Conventional blankets, whether electric or non-electric, also are typically very bulky. Such blankets are often wrapped around a victim of hypothermia to increase the temperature of the person. For instance, a blanket is typically wrapped around a person to increase the temperature of vital aspects of the person, such as the head, chest and back of the body. Wrapping a person with a conventional blanket does not always enable medical care personnel to further assist the person. In addition, some people are claustrophobic and do not fair well being wrapped tightly with a blanket. Thus, there exists a need for a blanket for heating a person while overcoming the deficiencies of the conventional devices.

SUMMARY OF THE INVENTION

This invention is directed to a blanket system configured to apply heat to vital areas of a living being. The blanket system may be formed from a blanket including one or more strips of conductive materials coupled to a power source for applying heat to vital aspects of a living being, such as a person or animal. The blanket may be configured such that heat may be applied to vital areas of a living being without having to wrap unduly cumbersome blankets completely around a living being. Rather, the blanket may be configured to cover only vital areas, or to only apply heat to vital areas of a living being, thereby eliminating undesirable blanket bulk around the person. The blanket system may be made of fabrics that are more flexible and less bulky than conventional blankets.
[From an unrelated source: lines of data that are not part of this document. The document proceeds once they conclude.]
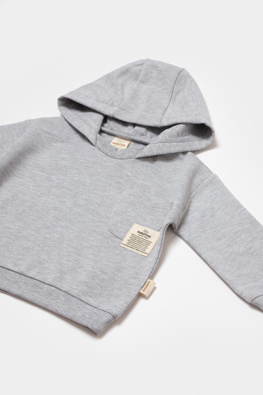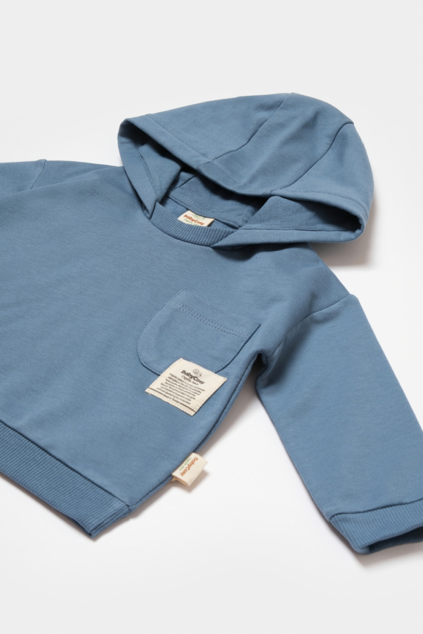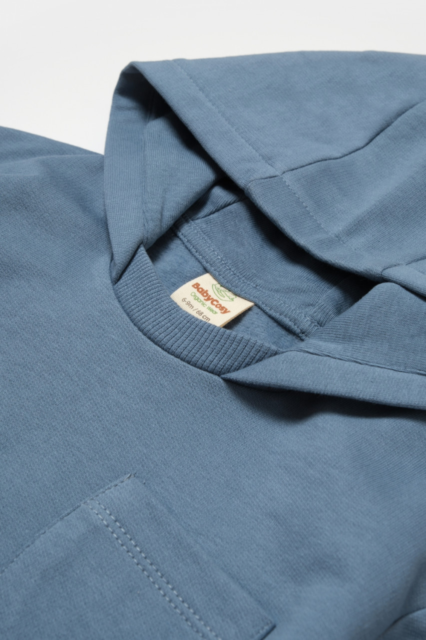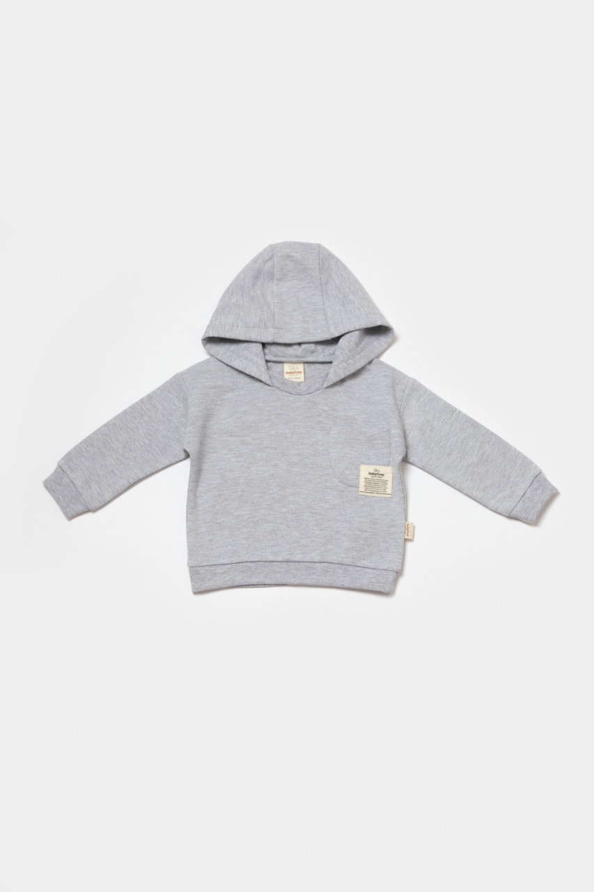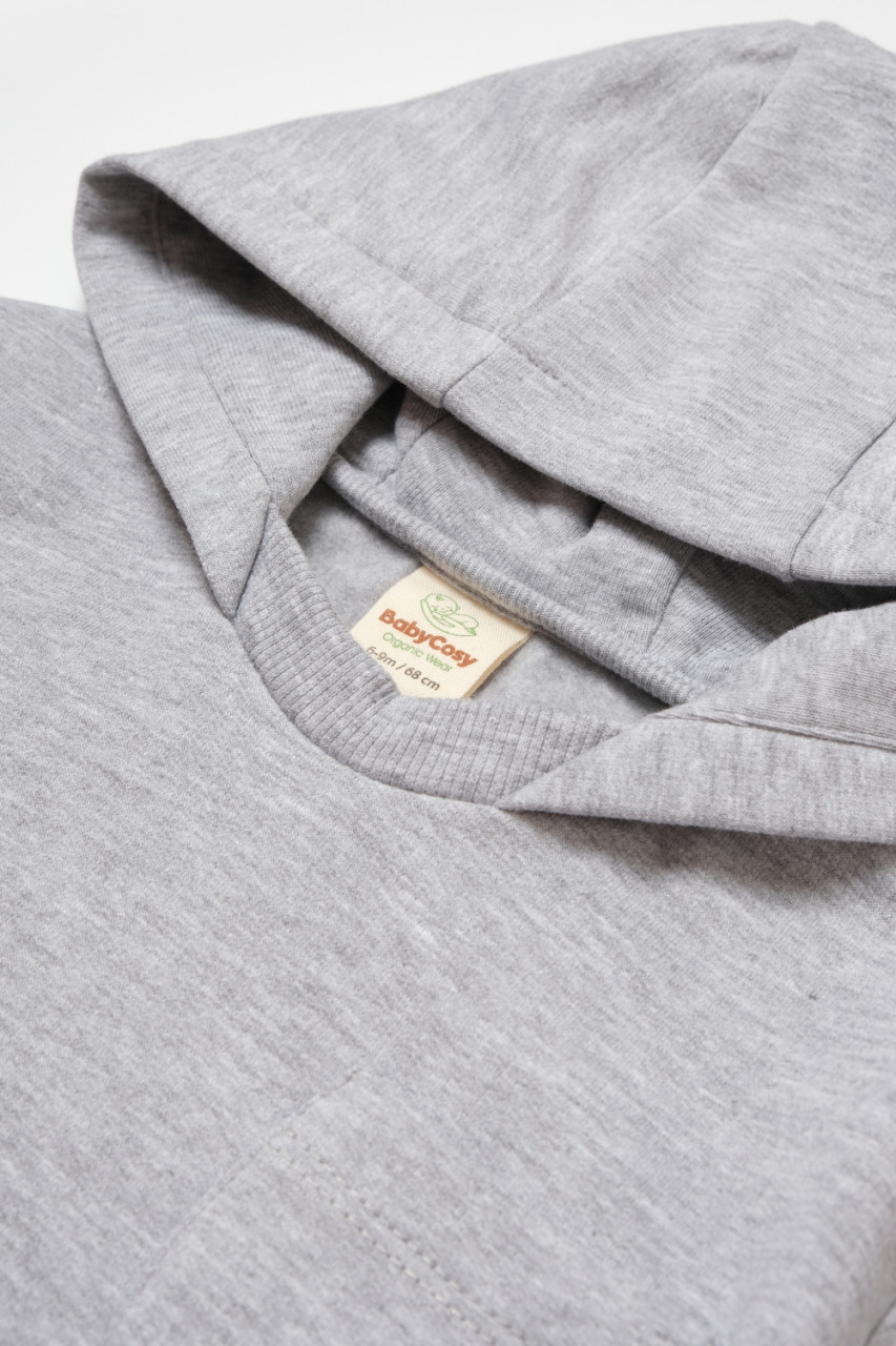 2. Hanoracul cu maneci lungi si gluga, din 100% bumbac organic,are un buzunar decotativ la piept.
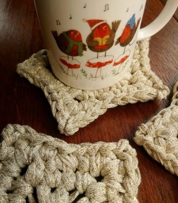 A super quick make in Chunky/Bulky yarn, perfect for your holiday coffee table or to make as gifts. If you love a bit of sparkle at Christmas use the gorgeous glittery Paintbox Recycled Ribbon Metallic as I have. It makes stunning festive coasters or make a hanging loop for a really pretty festive decoration that twinkles when lights catch it. You could also string together as gorgeous sparkly bunting. This is a wonderful project to play with size, you can easily go smaller, just use a smaller hook and thinner yarn.
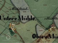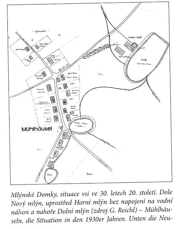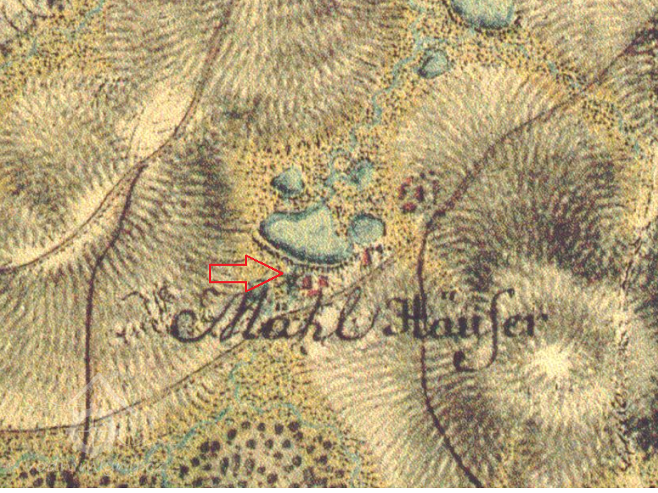 Na mapě I. vojenského mapování je zakreslena osada pod názvem Mühl Häuser s Dolním mlýnem pod hrází největšího rybníka.
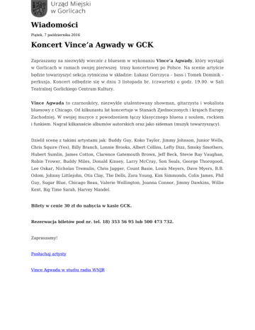 Wiadomości Piątek, 7 października 2016 Koncert Vince’a Agwady w GCK Zapraszamy na niezwykły wieczór z bluesem w wykonaniu Vince’a Agwady, który wystąpi w Gorlicach w ramach swojej pierwszej trasy koncertowej po Polsce. Na scenie artyście będzie towarzyszyć sekcja rytmiczna w składzie: Łukasz Gorczyca – bass i Tomek Dominik – perkusja. Koncert odbędzie się w dniu 3 listopada br. (czwartek) o godz. 19.00. w Sali Teatralnej Gorlickiego Centrum Kultury. Vince Agwada to czarnoskóry, niezwykle utalentowany showman, gitarzysta i wokalista bluesowy z Chicago. Od kilkunastu lat koncertuje w Stanach Zjednoczonych i krajach Europy Zachodniej. W swojej muzyce z powodzeniem łączy klasycznego bluesa z soulem, rockiem i funkiem. Nagrał kilkanaście albumów autorskich oraz jako sideman (muzyk towarzyszący). Dzielił scenę z takimi artystami jak: Buddy Guy, Koko Taylor, Jimmy Johnson, Junior Wells, Chris Squire (Yes), Billy Branch, Lonnie Brooks, Albert Collins, Lefty Dizz, Smoky Smothers, Hubert Sumlin, James Cotton, Clarence Gatemouth Brown, Jeff Beck, Stevie Ray Vaughan, Robin Trower, Buddy Miles, Donald Kinsey, Larry McCray, Son Seals, George Thorogood, Lee Oskar, Nicholas Tremulis, Chris Jagger, Count Basie, Louis Meyers, Dave Myers, B.B. Odom, Johnny Littlejohn, Otis Clay, The Dells, Zora Young, Kim Simmonds, Colin James, Phil Guy, Sugar Blue, Chicago Beau, Valerie Wellington, Joanna Connor, Jimmy Dawkins, Willie Kent, Big Time Sarah, Harvey Mandel. Bilety w cenie 30 zł do nabycia w kasie GCK. Rezerwacja biletów pod nr. tel. 18) 353 56 95 lub 500 473 732. Zapraszamy! Posłuchaj artysty Vince Agwada w studiu radia WNJR
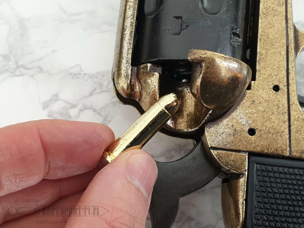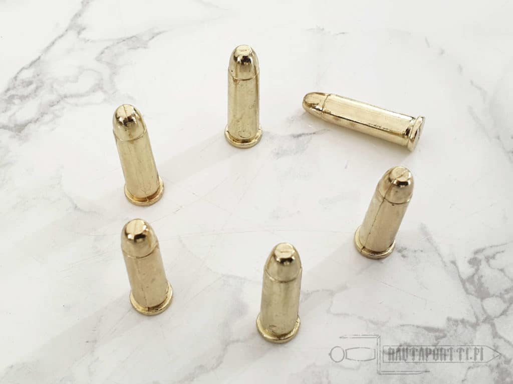 Tämän koristepatruunan saa laitettua myös COLT PYTHON .357 Magnum -kaliiperin revolverin rullaan, mutta koska patruunaa ei ole suunniteltu tätä revolveria varten se on ihan pikkuisen liian pieni rullan patruunapesään. Patruunat saattavat siis päästä liukumaan edestakaisin Pythonin rullassa, mutta toki revolverin latausta pääsee simuloimaan näinkin, vaikka täysin yhteensopivat eivät olekaan.
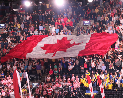 安省省长Kathleen Wynne护送会旗入场后,注目升旗仪式
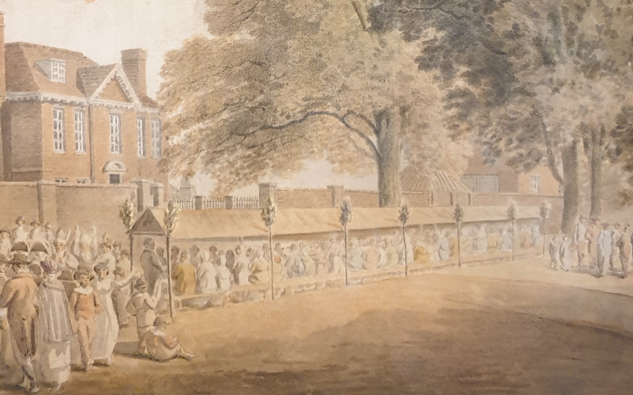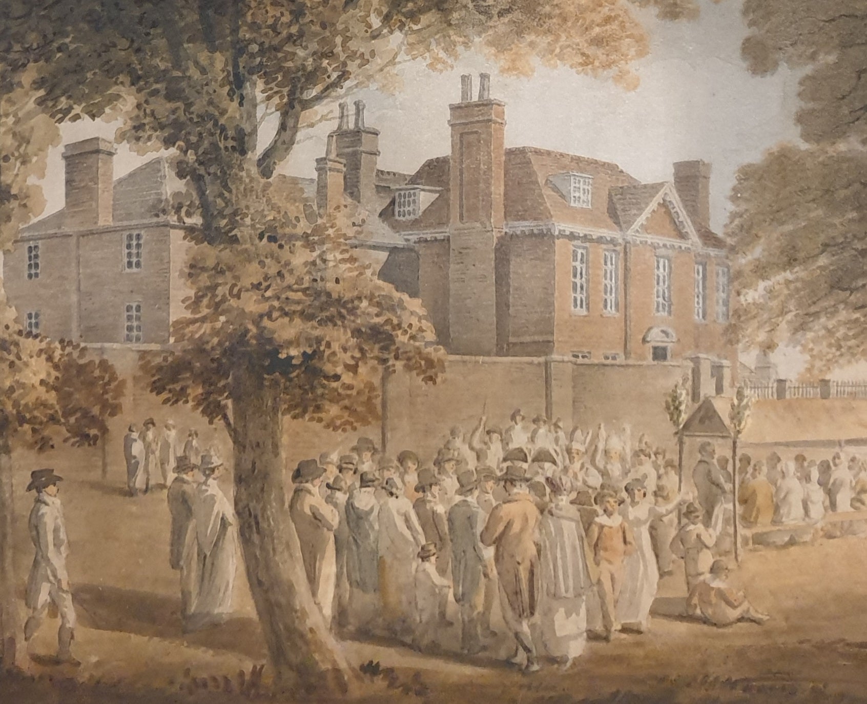 Attr. Michael Vincent Charles Brandoin. 1733-1807. Anglo-Swiss School 18th.Century. A large scale watercolour depicting a gathering before a country house. Watercolour on wove paper. 56 x 35.1 cms. Image. 76 by 55.5 cms. Framed overall. Provenance: Derek Plint Clifford (1915-2003) his sale Christies London 16/11/1965 Lot 99 as Charles Brandoin. Bt. Cornish Torbock (1905-1993), his executors sale Sothebys London 14/04/1994 Lot 136 as Attr. JM Barralet. Sothebys 06/07/2023 Lot 185 as English School. Given that Derek Clifford's knowledge of English Watercolours was extensive, I believe his original attribution to Brandoin to be correct.
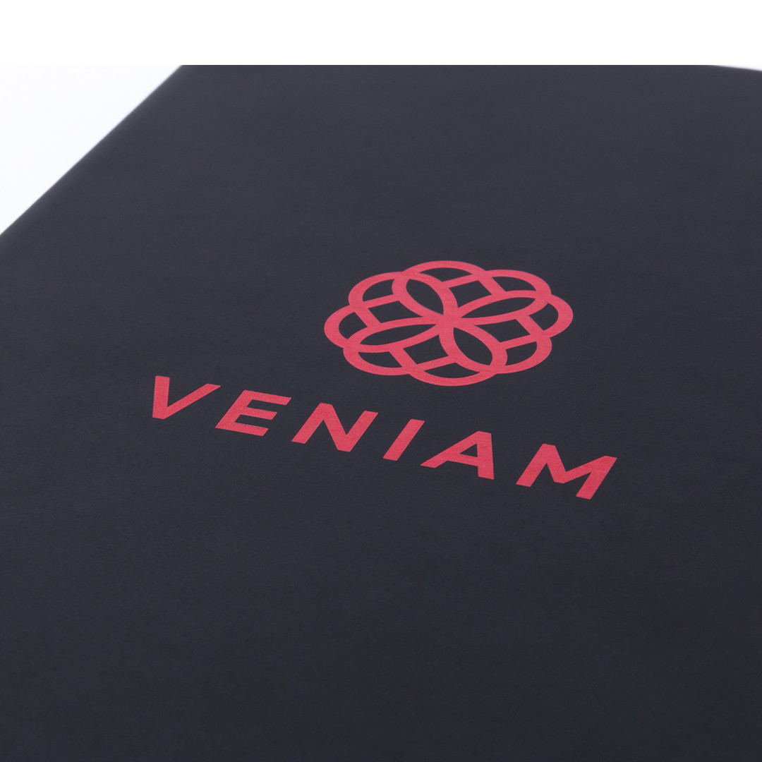 Bloc de notas con tapas de suave tacto acabadas en polipiel. En elegante color negro, con elástico de cierre, marcapáginas y soporte elástico para bolígrafo en vivos colores. Recubrimiento exterior especialmente diseñado para marcaje en láser, con el que conseguirá que su publicidad o marca quede perfectamente grabada en color a juego con el del artículo. Incluye 100 hojas con disposición a una raya. Portada Rígida. 100 Hojas
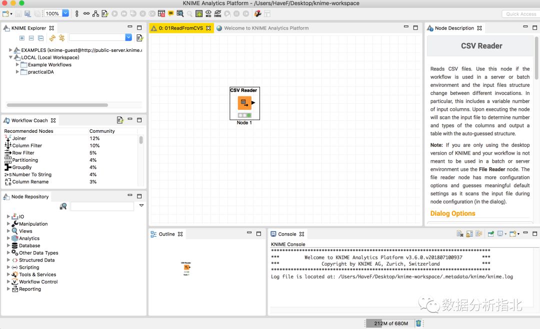 主界面虽然很多窗口,但组织的比较有逻辑性。左上,KNIME Explorer,是你所有的 KNIME 的工程目录,还有官方的例子服务器,里面内容很详尽,可以用来做学习的参考。
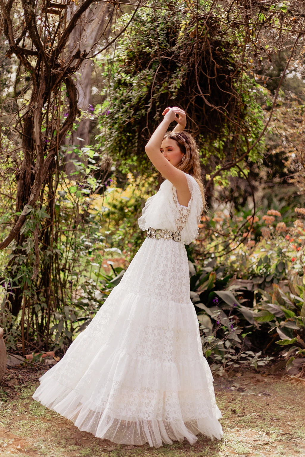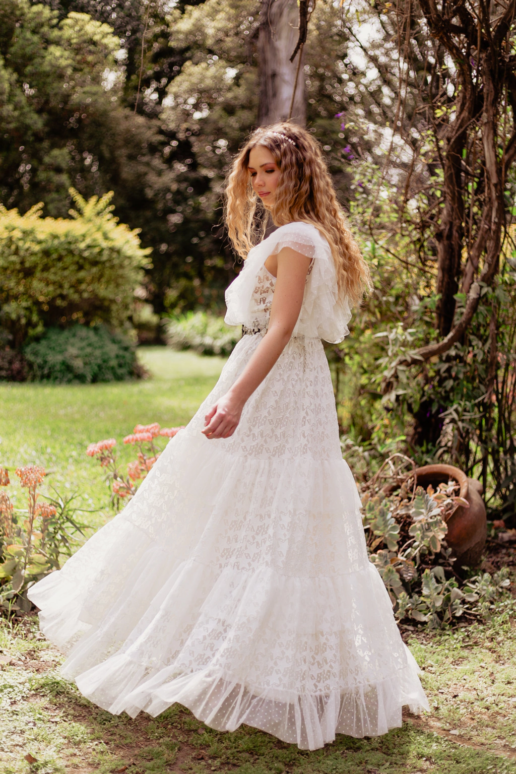 Confeccionado en un encaje fantasía de estrellas, combinado magistralmente con plumetí blanco, este vestido es un sueño celestial que hará que tu día especial brille aún más.
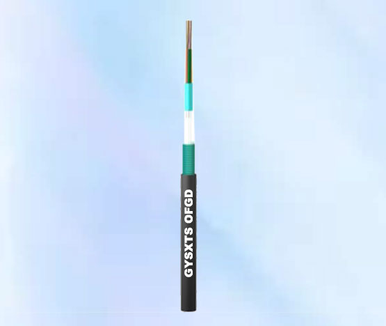 GYSXTS 光纜結構是多根單模光纖或多模光纖由高模量的樹脂材料經 UV 光固化成為相對位置固定的束狀光纖結構,再將多根光纖束套入的松套管中,套管內填充防水化合物。松套管外加阻水材料以保證光纜的縱向滲水,鋼絲繞包成纜后雙面鍍鉻涂塑鋼帶(PSP)縱包, 再在外擠制聚乙烯護套。
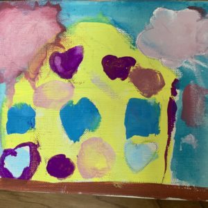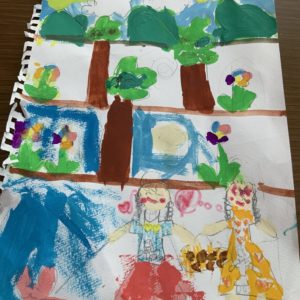 うさぎ(ねこ)をさんぽさせている女のこ。
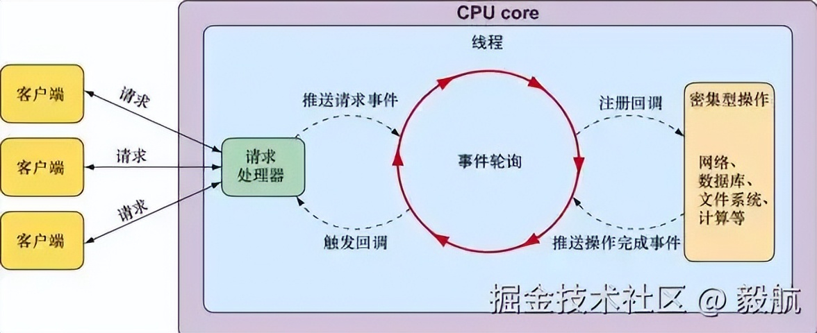 当某请求需要执行数据库操作时,线程不会进入阻塞等待状态,而是通过注册回调函数预设结果处理逻辑,随即转向处理下一个就绪任务;待数据库操作完成并返回结果后,事件轮询会触发回调流程,由空闲线程继续执行该请求的后续处理步骤。
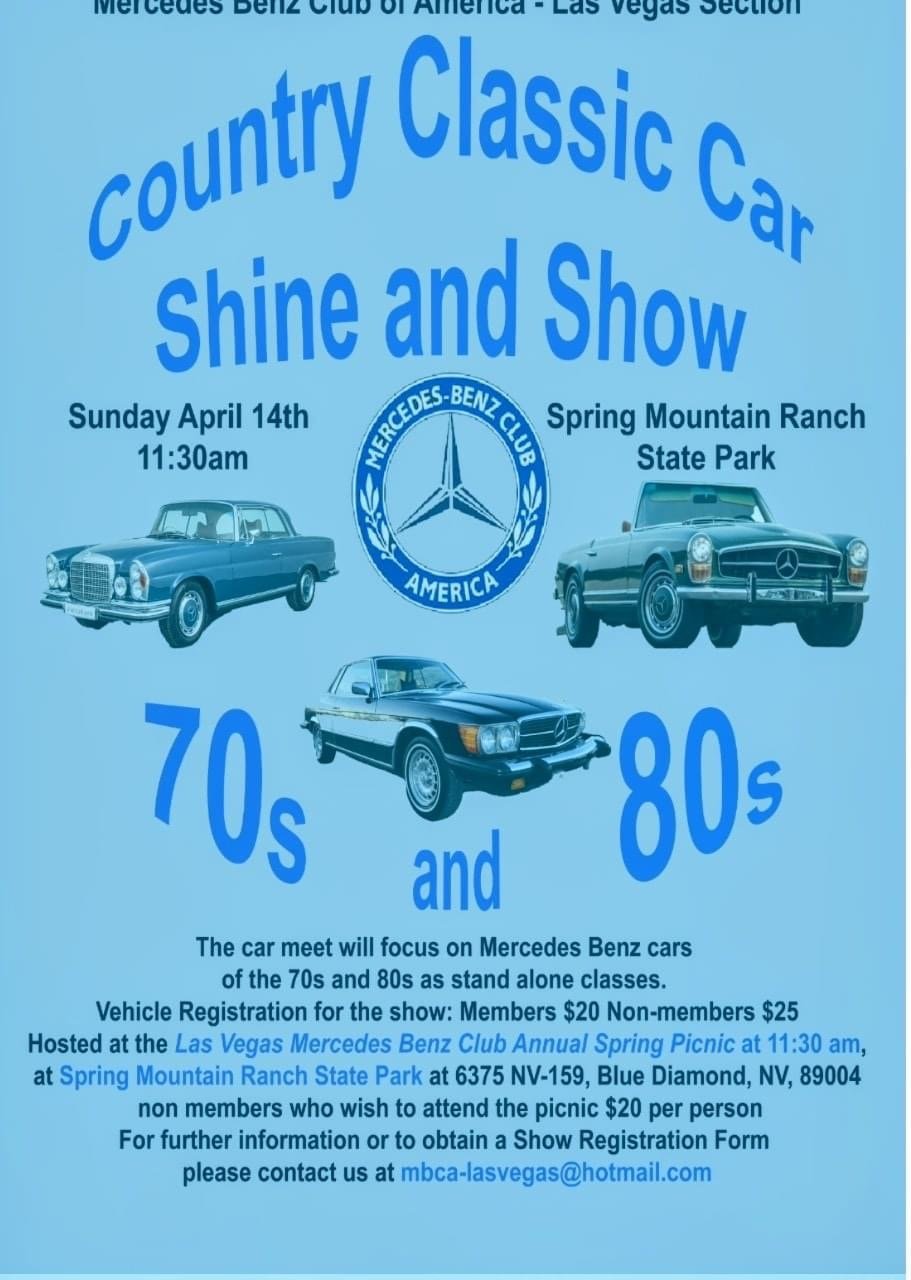 Back to All Events 70s and 80s Mercedes Country Classic Car Shine and Show Spring Mountain Ranch State Park - April 14th 2024 Sunday, April 14, 2024 11:30 AM 3:00 PM Spring Moutain Ranch State Park (map) Google Calendar ICS

The blanket may be formed from a fabric formed from a nonconductive material and at least one strip containing metal coated filaments. The at least one strip containing metal coated filaments may include a first strip and a second strip that are separated by a third strip, wherein the first and second strips are formed from metal coated filaments for concentrating heat in close proximity to vital aspects of a living being, and the third strip may be nonconductive. The power source may be coupled to the first strip and the second strip. The metal coated filaments may be coated with silver or other appropriate materials. The silver coated filaments are very flexible and resilient, which enables the filaments to be plied numerous times without compromising the integrity of the filaments. The first and second conductive strips of material may be formed solely of metal coated filaments or may be partially formed from metal coated filaments. In one embodiment, the first and second conductive strips may be formed from between about 20 percent and about 40 percent metal coated filaments by weight of the strips. The metal coated filaments may be a staple yarn in a non-woven construction or may be formed from other appropriate configurations. The metal coated filaments may also be attached to a fabric via needle punch or other appropriate manner. The fabric may be woven, non-woven, ripstop, plain weave or formed in other appropriate configurations. In one embodiment, the first, second, and third strips may be about five inches in width.

The power source may be any appropriate power source capable of supplying electricity to the metal coated filaments. In at least one embodiment, the power source may be a portable power source, such as, but not limited to a battery, such as a conventional 12 volt battery, a portable battery, or other appropriate conventional battery. The power source may also be a photovoltaic cell, a municipal power source, or other appropriate power source. In at least one embodiment, the power source may be configured such that the temperature of the blanket, and specifically, the conductive strip, may be taken from about 30 degrees Fahrenheit to about 105 degrees Fahrenheit for about 2.5 hours.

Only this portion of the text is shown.